The new enzyme, named CtdP, is a part of the Diels-Alderase (DAase) family; a Rice University news release said. It is instrumental in driving the Diels-Alder reaction, a key method for synthesizing essential materials and pharmaceuticals.

The team, led by study co-author Xue Sherry Gao, detected the enzyme's impact on a molecule's spatial structure, also known as stereochemistry, according to the news release. She pointed out that even the smallest chance in stereochemistry could determine whether a compound works as a drug or a poison, highlighting the importance of CtdP.

“Very few DAases work like our enzyme and very strictly synthesize a chemical reaction that is impossible without it,” Xue said in the release. “We hope that our discovery will help develop biocatalysts that enable the production of useful pharmaceuticals in the near future.”

The study, which was published in Nature Chemistry, highlights the Diels-Alder reaction, which was first noted in research by Otto Diels and Kurt Alder and Otto Diels in 1928 and ultimately earned them the 1950 Nobel Prize in Chemistry; according to the release. The reaction is important because it drives the formation of cyclic ring structure that can be found in a number of naturally occurring compounds that have medical applications.

Xue’s team realized that the precision control over the 3D molecular structure can be challenging in Diels-Alder reactions, leading them to look into CtdP, according to the release. They were interested in the idea that a fungal organism could synthesize the 21R-citrinadin A molecule with a single configuration from four options.

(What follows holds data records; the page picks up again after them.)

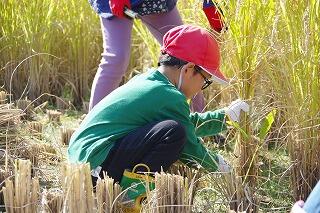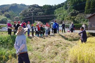 初めに、鎌を使って稲を刈り取る方法を教えていただき、その後、縦割りグループに分かれて刈っていきました。
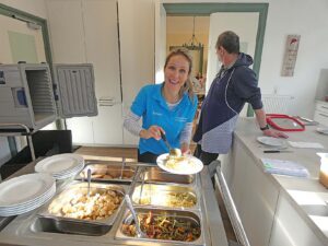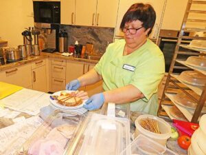 So schnell vergeht an dem heutigen Vormittag die Zeit, dass es scheinbar ruckzuck Zeit für´s Mittagessen ist. Das wird vom Seniorenzentrum St. Gallus angeliefert. Ein Besuch bei dessen Hauswirtschaftsleiterin Anna Schmid ergibt: Rund 300 Mahlzeiten werden hier täglich frisch zubereitet, aus weitgehend regionalen Zutaten. Empfänger sind neben der Sozialstation unter anderem das Betreute Wohnen und umliegende Dörfer.
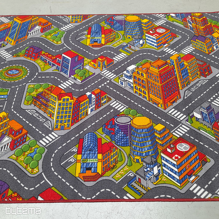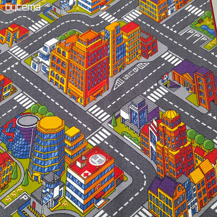 Der Kinderteppich simuliert Städte und Dörfer mit zahlreichen Straßen und Wegen. Es besteht aus Polyamid, das äußerst langlebig ist. Dank seines niedrigen Flors ist es pflegeleicht.
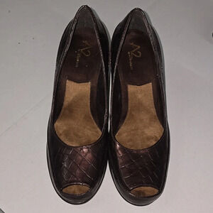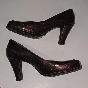 Aerosoles Big Ben Brown Crocodile Heels w Peep Toes Womens Size 8.5
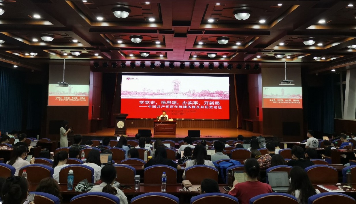 历史是最好的教科书,也是最好的营养剂。开展党史学习教育,从党的非凡历程中领会马克思主义是如何深刻改变中国、改变世界的,感悟马克思主义的真理力量和实践力量。5月10日19:00,法学院党规党纪研习社党支部开展“新民主主义革命时期”专题学习,邀请马克思主义学院李德元副教授做客“廌园理论课堂”,为全体研究生党员讲授专题党课。他以“中国共产党百年辉煌历程及其历史经验”为题,生动讲述了中国共产党百年来的辉煌历程和伟大历史贡献,详细剖析了中国共产党成立百年来的历史经验,勉励全体师生认真学习中共党史,做一个新时代忠诚、干净、担当的共产党员。李德元副教授的讲座内涵深刻、深入浅出,带领全体师生重温了我们党百年来的辉煌历程,同学们纷纷表示要继承和弘扬我们党的革命精神,牢记初心使命、坚持正确方向,从党的百年伟大奋斗历程中汲取继续前进的智慧和力量,以更加昂扬的精神状态和奋斗姿态奋进新征程,努力成为担当民族复兴大任的时代新人。

Xue set out to uncover how living organisms might demonstrate precise stereochemical control, factoring in just how hard it is to repeat the same result through organic synthesis. The discovery of CtdP proved to be the lynchpin that ensures the required stereochemical control during chemical reaction.

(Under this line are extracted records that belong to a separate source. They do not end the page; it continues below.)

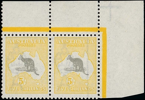 136 : SRC="https://d3ums4016ncdkp.cloudfront.net/auction/main/12046/12046_268_1.jpg" width="300p" alt="image" ></a></cfif>AUSTRALIAN COMMONWEALTHKangaroo Issued StampsThird WatermarkFive Shillings5/- grey and yellow, a top right corner pair [R5-6], fine
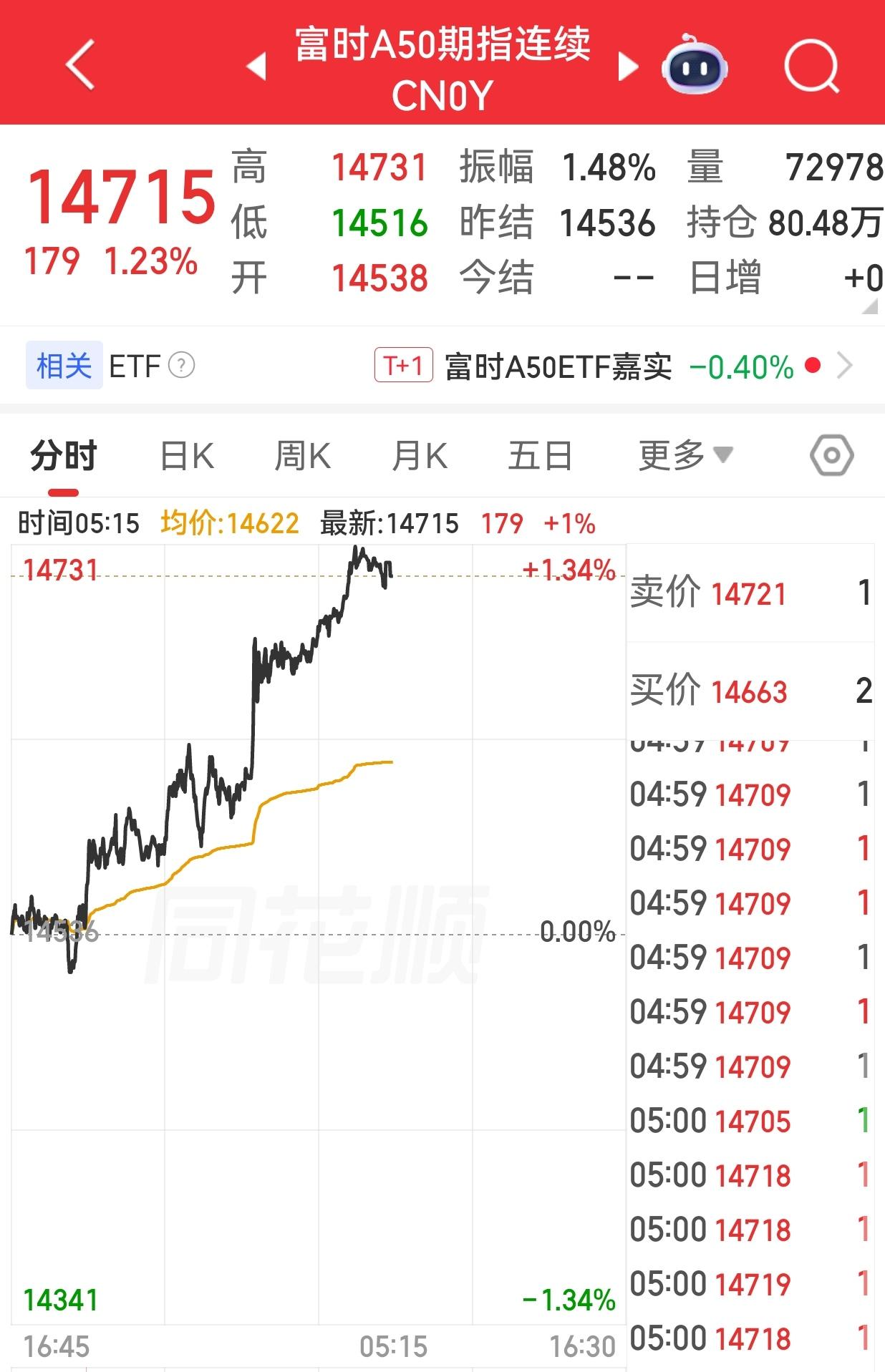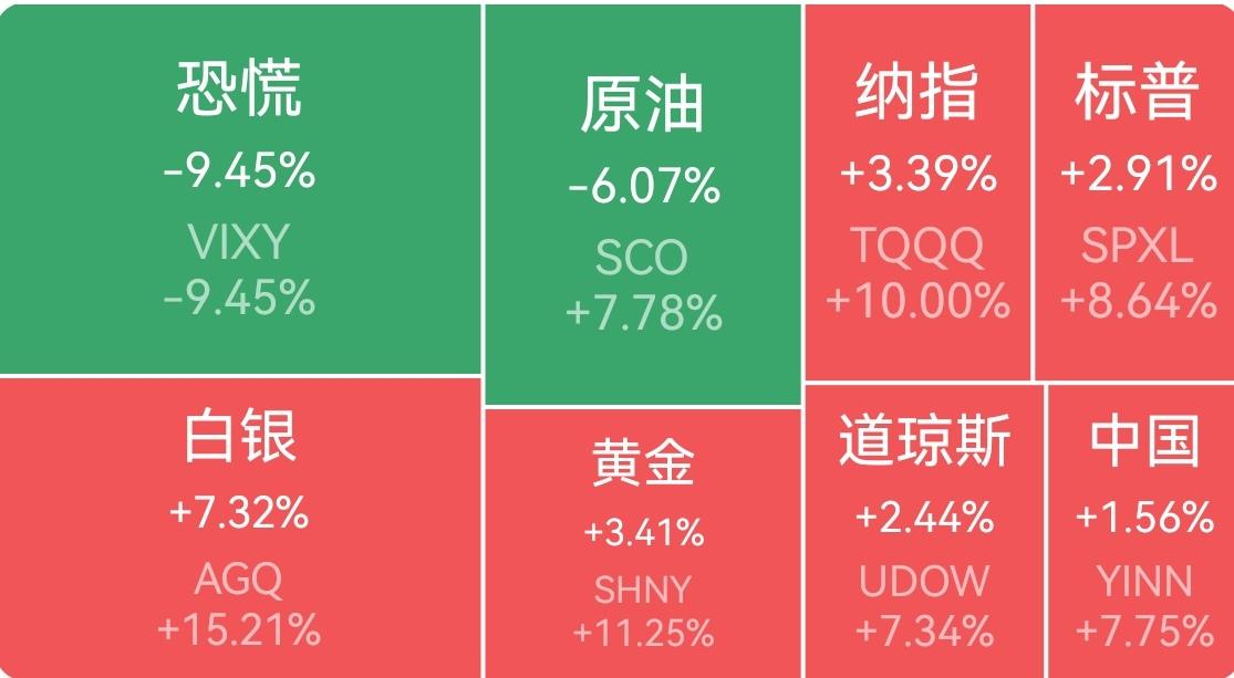 【周二外围市场:美股三大指数集体大涨 热门中概股集体走强 夜盘A50期指大涨】 周二美股三大指数大幅收涨并创下去年5月以来最大单日涨幅,纳指涨3.83%,标普500指数涨2.91%,道指涨2.49%。月线方面,纳指本月仍累计下跌4.75%,标普500指数累跌5.09%,道指累跌5.38%。科技股反弹,航空股走强,能源股回落。 热门中概股集体走高,利弗莫尔中概股龙头指数涨超3%。 夜盘富时中国A50指数期货收涨1.23%,报14715点。
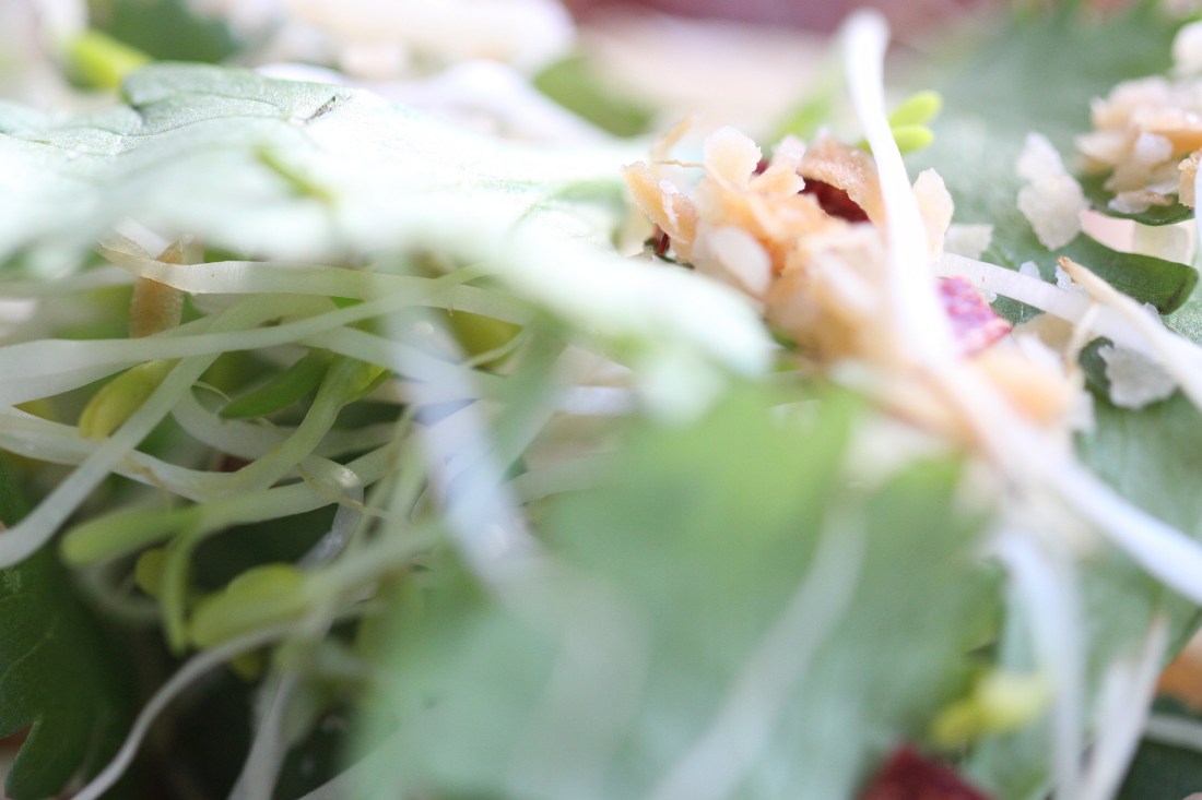 Season the fish on both sides with sea salt. Combine the fennel seeds and flour and lightly coat the fish pieces with the flour mixture, dusting off any excess. Heat oil in a large nonstick pan over medium heat. Cook the fish on one side for 6–8 minutes, depending on the thickness of the fillets. Turn and cook on other side 30 seconds. Divide the sauce between four bowls, place a piece of fish gently on top of the sauce, and top firstly with a little of the remaining tomato mixture, and the fresh coriander, sprouts, toasted coconut and dried chilli.
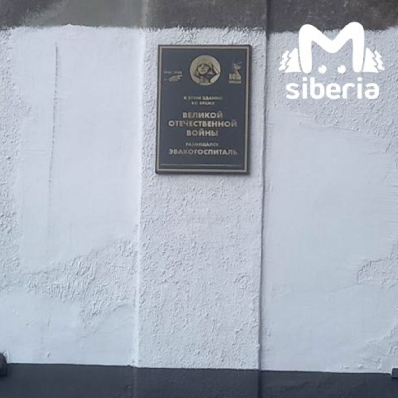 На одном из домов в Новокузнецке установили мемориальную табличку. Однако покрашенной для этого оказалась лишь небольшая часть стены.

The release noted that the unique mechanism of CtdP makes it different from other DAases. CtdP prepares the substrate and converts nicotinamide adenine dinucleotide phosphate (NADP+) into a reduced form known as NADPH, which is instrumental for driving the Diels-Alder reaction.

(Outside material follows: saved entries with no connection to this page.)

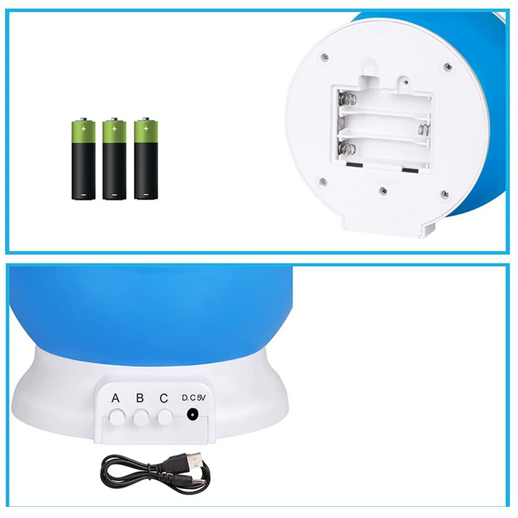 Ночник-светильник для детей4 светодиодный лампы, варианты нескольких цветов5 разных цветовНе нагревайтесь и не Горите даже во время бега всю ночьУстойчивый Ночной светильник/Вращающаяся Луна Звезда проекционная лампаОсобенности1. Идеально подходит для украшения свадьбы, дня рождения, вечеринок. Отлично подходит для романтической ночной лампы и декоративный светильник!2. Очень романтичная ночь, полный искреннего подарка3. Питание от 4 батарей AAA (не входят в комплект) или usb-кабеля (адаптер не входит в комплект).4. Это новая популярная Лампа для проектора cosmos Star, которая поможет вам вернуть вселенную домой, подарит вам кусочек неба, который меняет цвет, без необходимости трудно найти поле, вращая свое основание, там будет разное красочное пространство, найдите созвездие, которое вам принадлежит.Технические характеристикиМатериал: АБС-пластикТип переключателя: 3 кнопкиНапряжение: 5 ВСветильник источник: 4 светодиодный лампыРуководство по эксплуатации:Вы можете выбрать различные методы работы с питанием, usb-кабель или аккумуляторы:1. Вставьте 4 * AAA батареи в держатель батареи с правильной полярностью, затем восстановите крышку аккумулятора.2. 【Используйте его в качестве лампы, вам нужно надеть крышку. Если вы хотите, чтобы это был проектор, просто снимите крышку 】3. Три модели:【A режим: 】 Ночной светильник (Теплый светильник) Нажмите A снова отключит модель.【B режим: 】 переключение цвета на светильник (Монохромный светильник или цветной светильник). Примечание: Нажмите кнопку B 9 раз подряд, Модель B отключится.【C режим: 】это Управление поворотным переключателем (поворот или не поворот свободно выбран) Примечание: Нажмите C снова отключит вращение.Примечание: 1. Обратите внимание, что usb-кабель и аккумуляторы не могут использоваться одновременно.ПосылкаЗвездный проектор-1 шт.1 х USB кабель1 x Руководство пользователяТеплый совет: повреждение внешней упаковки очень распространено во время транспортировки.Фотографии товараНастоящая вещь намного лучше, чем на фотографиях!Настоящая вещь намного лучше, чем на фотографиях!Настоящая вещь намного лучше, чем на фотографиях!
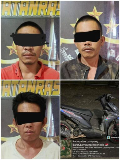 Lampung Barat,Warta in..– Tim Tekab 308 Presisi Polres Lampung Barat bersama Unit Reskrim Polsek Balik Bukit berhasil mengamankan tiga pelaku pencurian kendaraan bermotor (curanmor) pada Rabu, 15 Oktober 2025, sekitar pukul 16.30 WIB. Ketiga pelaku masing-masing berinisial S, ES, dan H ditangkap di wilayah hukum Polres Lampung Barat beserta dengan barang bukti 1 (satu) unit sepeda motor Honda Beat.
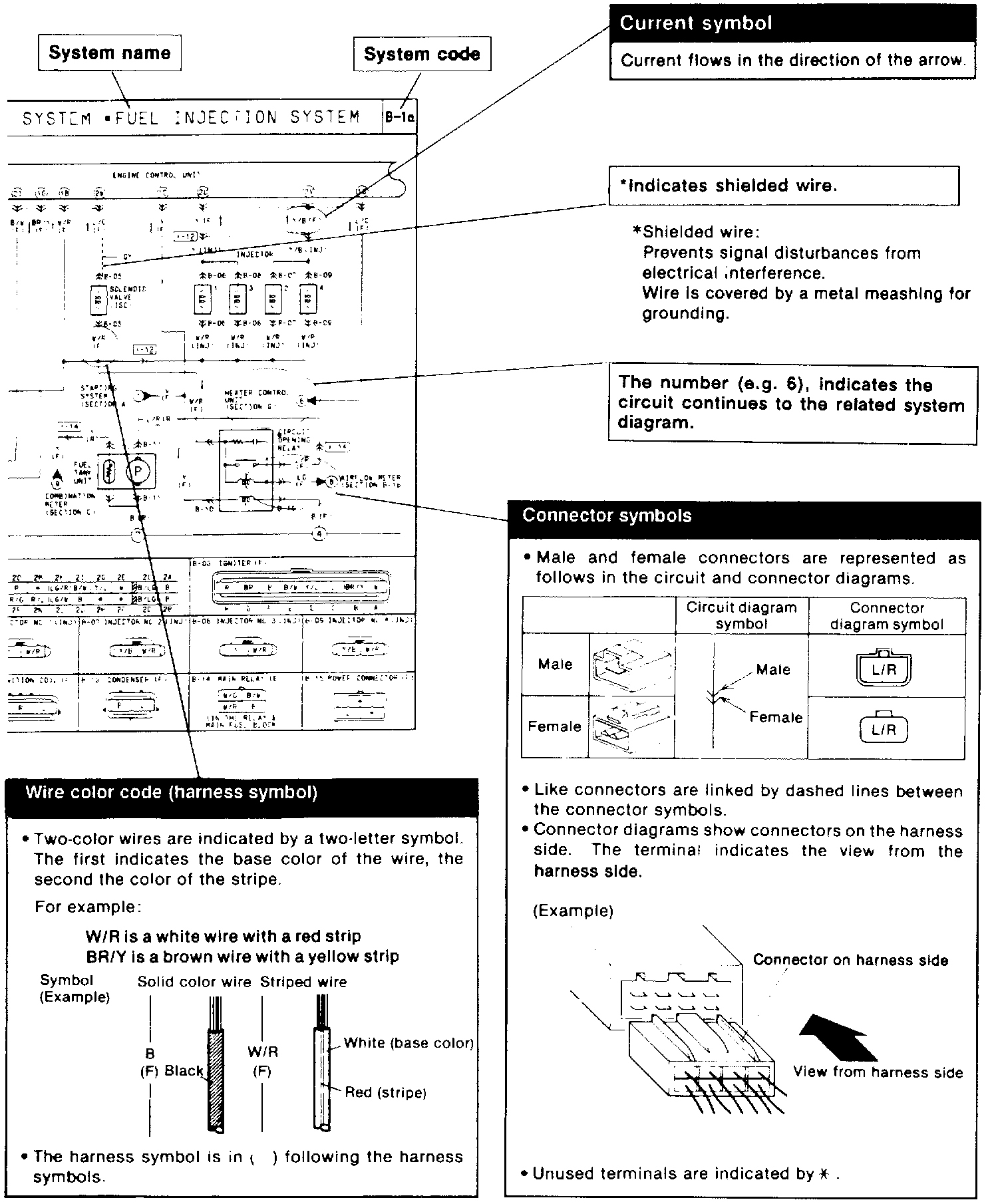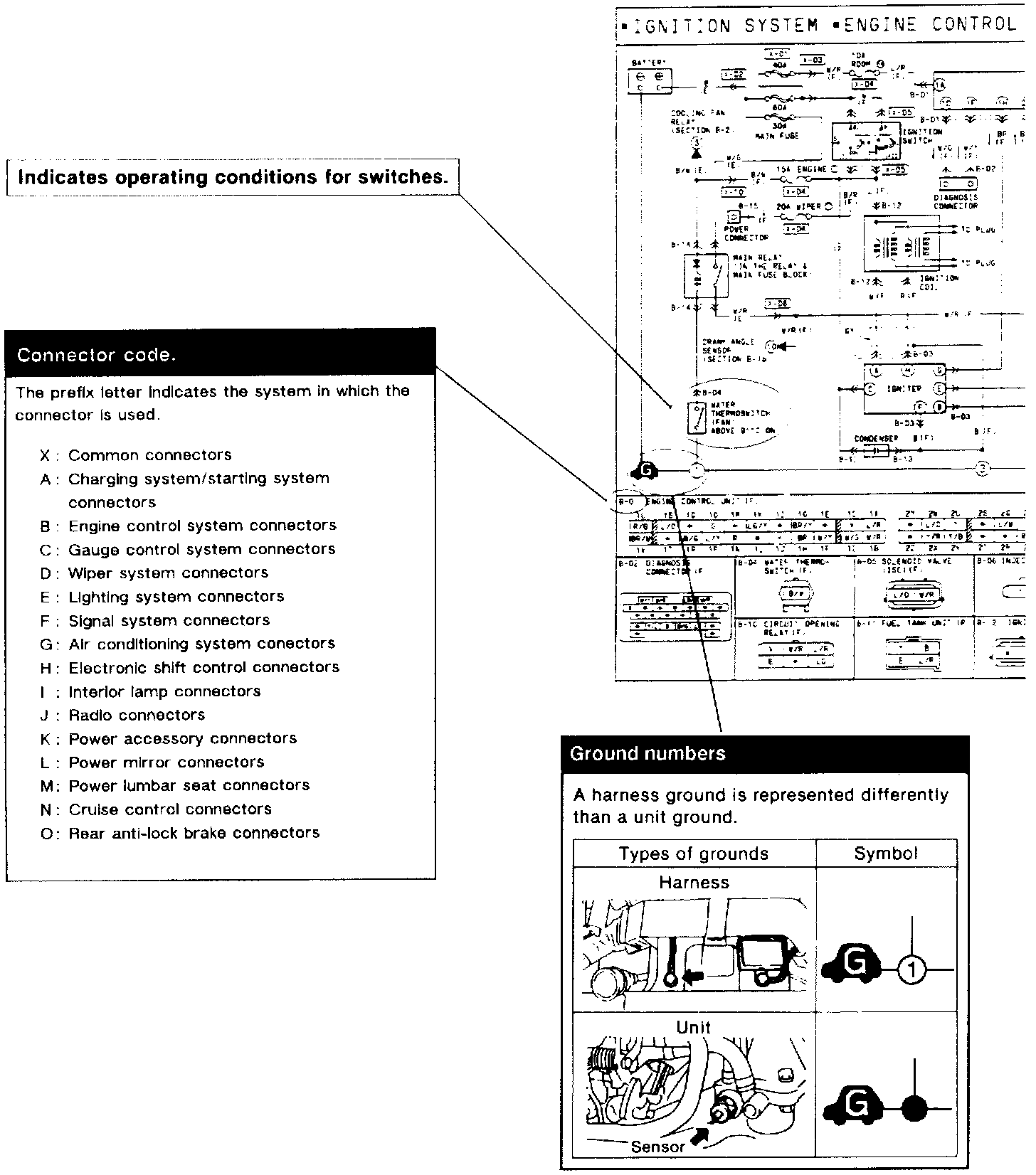These show the circuits for each system, from the power supply to the ground. The power supply side is on the upper part of the page, the ground side on the lower part. The diagrams describe circuits with the ignition switch off.

The release also noted that the new enzyme also is a driver that rigidly synthesizes a chemical reaction that would not be possible otherwise, and the discovery could ultimately lead to the development of new pharmaceuticals to treat diseases.

Xue is the T.N. Law assistant professor of chemical and biomolecular engineering and assistant professor of bioengineering and chemistry at Rice University, according to the release. She earned the CAREER Award from the National Science Foundation in 2022 for her contributions to the field.

The research was supported by the University of Michigan, the National Institutes of Health and the Robert A. Welch Foundation; with computational resources from the National Science Foundation, the UCLA Institute for Digital Research and Education, the San Diego Supercomputing Center and D.E. Shaw Research; the release said.